17 May to 14 June 2024
Opening: Friday 17 May 5 - 8pm

There’s a sea so deep and wide
It speaks from every side
So all the sailors hear.
- When Winter Comes Around by The Lemon Twigs

School Gallery is pleased to present In the Dark, 3 Flashes Then a Pause, an exhibition of new lighthouse paintings by Catherine Haines. Haines fascination with lighthouses started when she found a collection of postcards of Cornish lighthouses in a boot sale. She stated: “...it was all the wrong way around. I found the collection of postcards before I set about visiting each destination. The collection of postcards of lighthouses, unsent, no messages, unstamped was the beginning of my journey around all the lighthouses off the Cornish coast. I walked, sailed and swam around them. Watched and waited until it got dark to see them switch on, each with their own unique light and rhythm.”

Haines’ obsession with lighthouses has now taken her all over the UK. For this exhibition Haines’ has focused on lighthouses at night, the moment when the dormant structures come to life and enlighten the shoreline in their own unique manner. The title of the exhibition alludes to this moment, the 3 simultaneous flashes followed by a timed pause, unique to each individual lighthouse, making the oceans many residents aware of its presence and their position in relation to it.

In the Dark, 3 Flashes Then a Pause presents new larger scale paintings, still filled with romantic notions of melancholy, offering a herculean account of the grand relics that once single handedly worked to protect the oceans shorelines. Haines’ paintings are more recognisable as portraits capturing the essence and beauty of these monumental structures rather than their mere function or coastal surroundings.

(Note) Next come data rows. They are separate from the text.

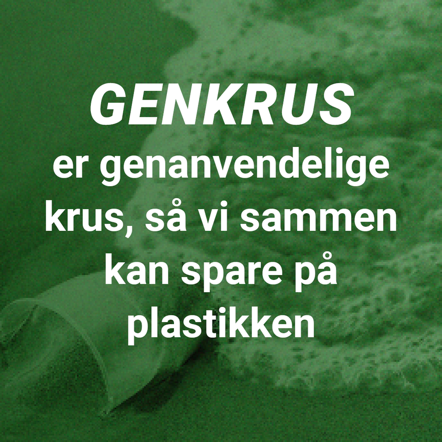 I næsten 20 år har vores gulve flydt med engangsplastic efter de større arrangmenter. Det er slut nu, og vi er gået i en mere miljøvenlig retning. Med Genkrus har vi introduceret vaskbare krus i genbrugsplast.
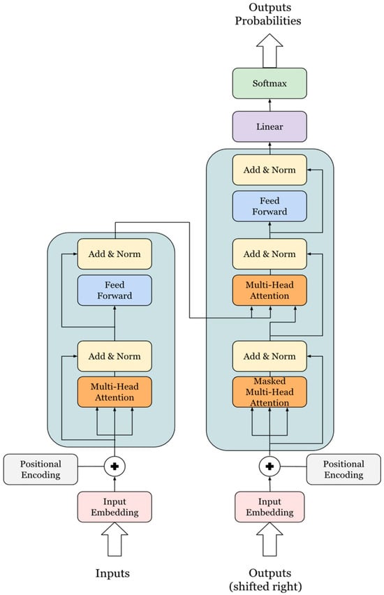 The Transformer architecture (Figure 2), introduced in “Attention is All You Need” [24], forms the backbone of modern natural-language-processing models, especially large language models (LLMs). Unlike recurrent neural networks (RNNs) and long short-term memory (LSTM) networks, the Transformer uses self-attention mechanisms to capture long-range dependencies in data. This feature allows for improved performance on tasks such as text generation and language understanding by enabling parallel processing of input sequences [25]. This architecture uses an encoder–decoder structure where both components consist of multiple identical layers. Unlike RNNs and LSTMs, which process tokens sequentially, the Transformer processes tokens simultaneously, leveraging multi-head attention for better parallelism and efficiency [26]. Each encoder layer consists of a multi-head self-attention mechanism and a position-wise feed-forward network, which ensures high computational efficiency and makes the model scalable on GPUs [27]. The decoder includes a masked multi-head self-attention mechanism, encoder–decoder attention, and a feed-forward network, enabling the model to handle various NLP tasks more effectively.
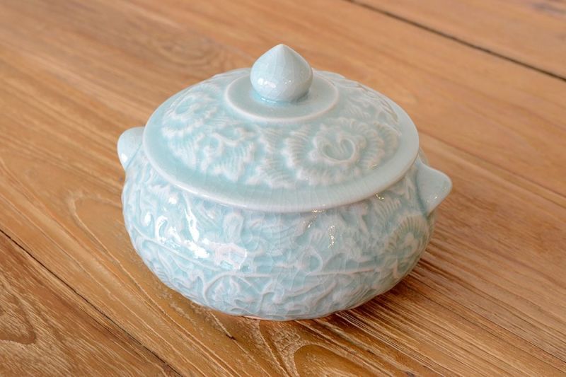 セラドン焼きは、タイの北部に700年前から続く、伝統的な高級青磁器です。タイの土を使い、草木の釉(うわぐすり)をかけて高温で焼いており、すべて天然原料のみで作られています。美しい深みのあるブルーと、繊細なひび(貫入)の模様が特徴です。このひび模様は、焼いたあと冷却することにより器の表面に生まれるものですが、実際の手触りはツルツルとしていて、とても滑らかです。
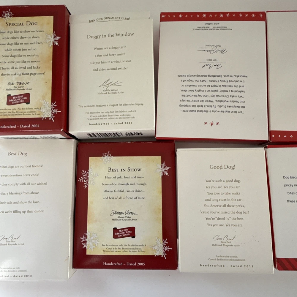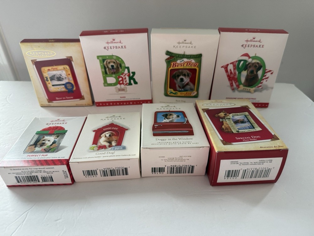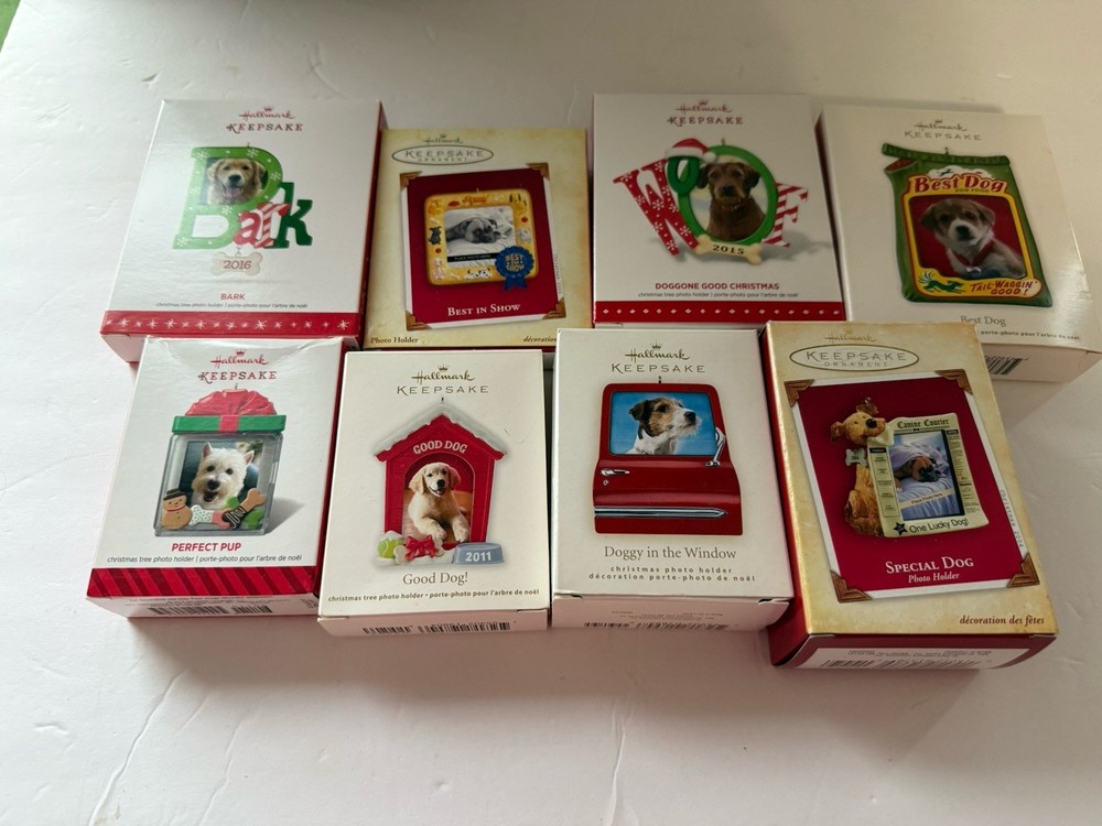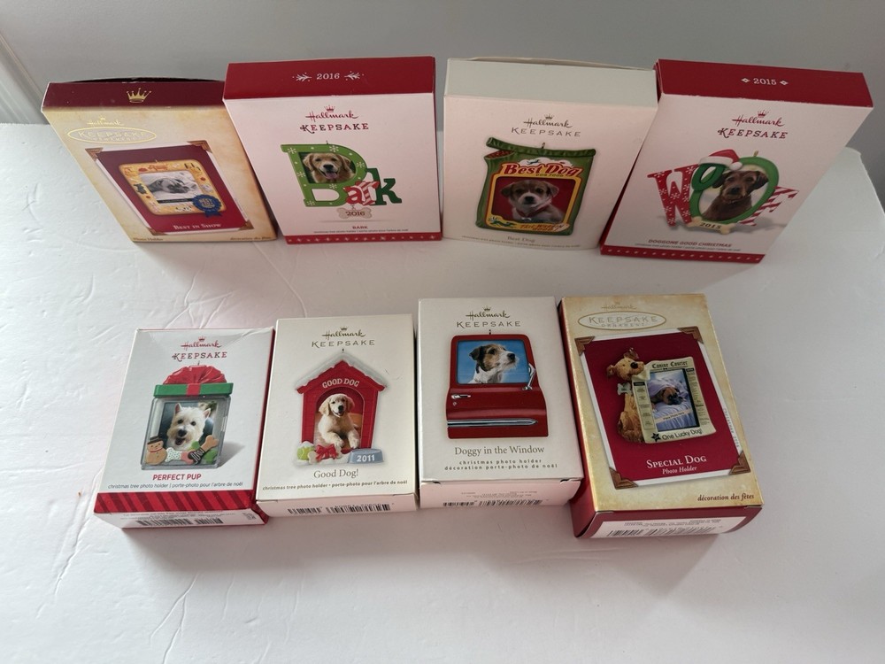 Lot of 8 Hallmark Keepsake Special Dog Photo Holder frame Christmas Ornaments 2004 2005 2008 2011 2012 2014 2015 Good preowned condition. Refer to pictures.
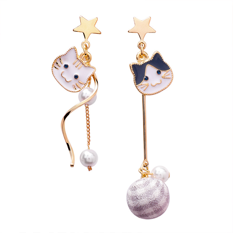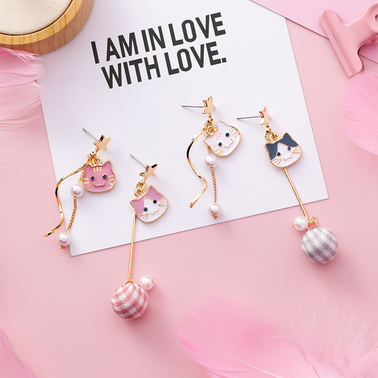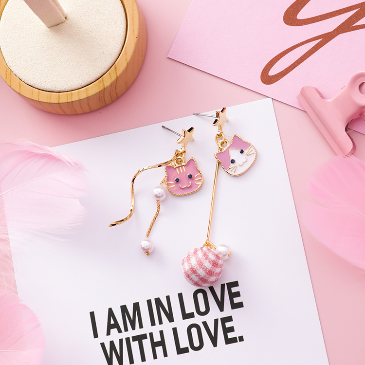 Cat Pearl Asymmetric Earrings Fabric Plaid Ball Drop Earrings
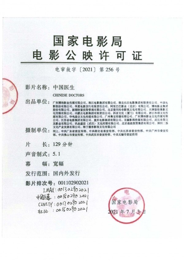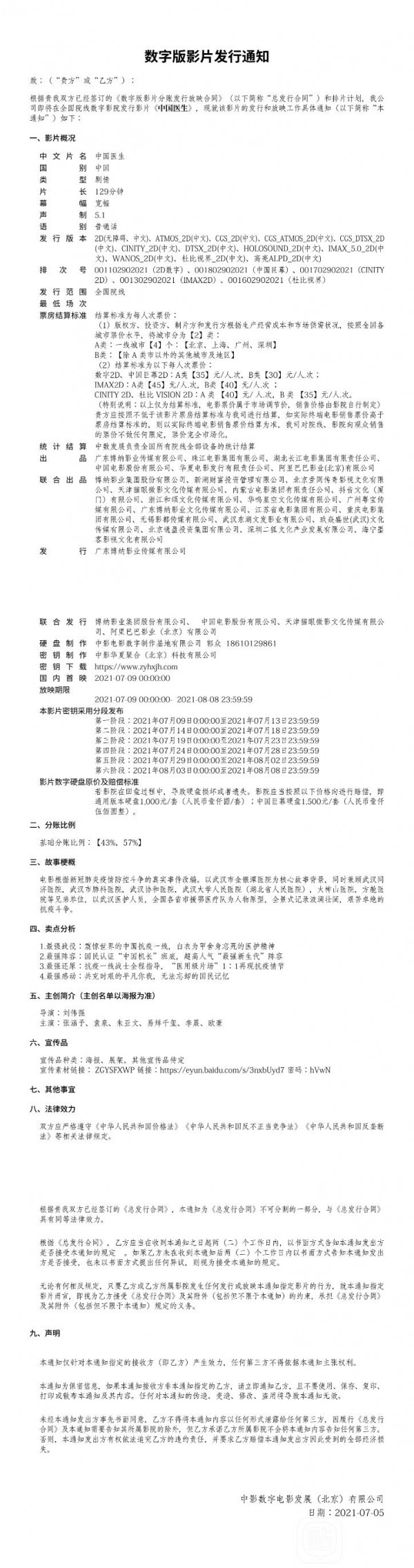 关于下调影片《中国医生》分账比例和最低结算价的通知
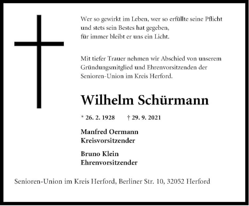 Hier finden Sie alle Traueranzeigen aus der Zeitung, die bisher für Wilhelm Schürmann erschienen sind. Weitere Traueranzeigen, die in der Zeitung erscheinen, werden hier ebenfalls aufgelistet
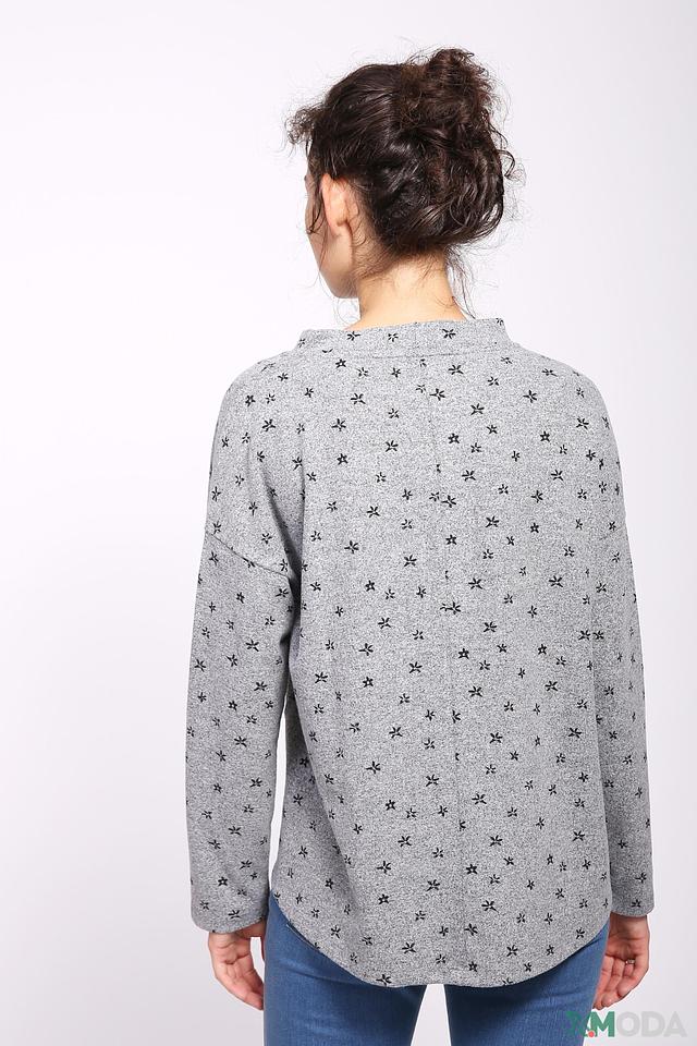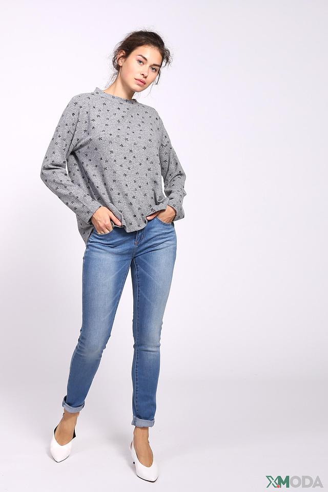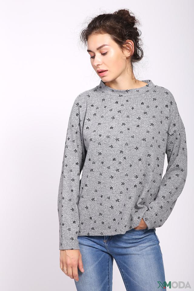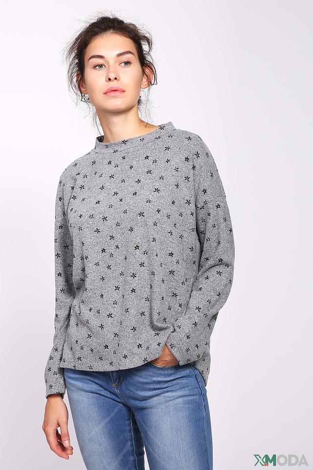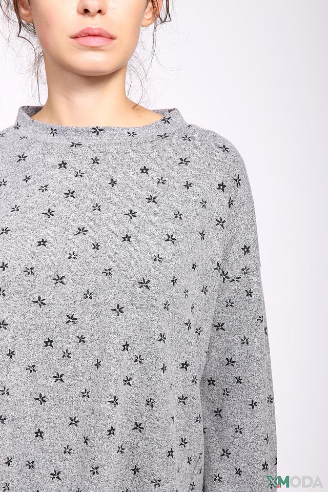 Пуловер имеет свободный крой и круглый вырез горловины. Его украшает мелкий цветочный принт, который придает ему женственность и легкость. Длинные рукава слегка спущены, что добавляет образу непринужденности.

Catherine Haines was born in Cornwall in 1979. At 18 she studied for one year at Falmouth School of Art, from there she went onto study fashion at Central St Martins in London. She cut her teeth in the fashion industry working for designers: Copperwheat Blundell, Magnus Magnussen, and Myoung-Hee Zo in London, Milan, Copenhagen and Seoul. Her love of drawing led her to textile design, and she decided to move her studio back to Cornwall. During this phase, she wanted to learn more drawing techniques and learnt how to make etchings under the tuition of John Howard, Master Printmaker in Falmouth. From 2007-2009 she returned to London to complete an MA in Printmaking at the Royal College of Art. She won the Villier David Prize in 2007 and travelled to Mexico City to meet Artist and Printmaker Agustin Gonzalez. A year later she returned once again to live and work in Cornwall. Now predominantly a painter and printmaker, she has exhibited at Tate St Ives, Newlyn Art Gallery, Cornwall; Borlase Smart Space, PayneShurvell, Suffolk and London, Invisible Print Studio, London. She lives and works in Newlyn, Penzance.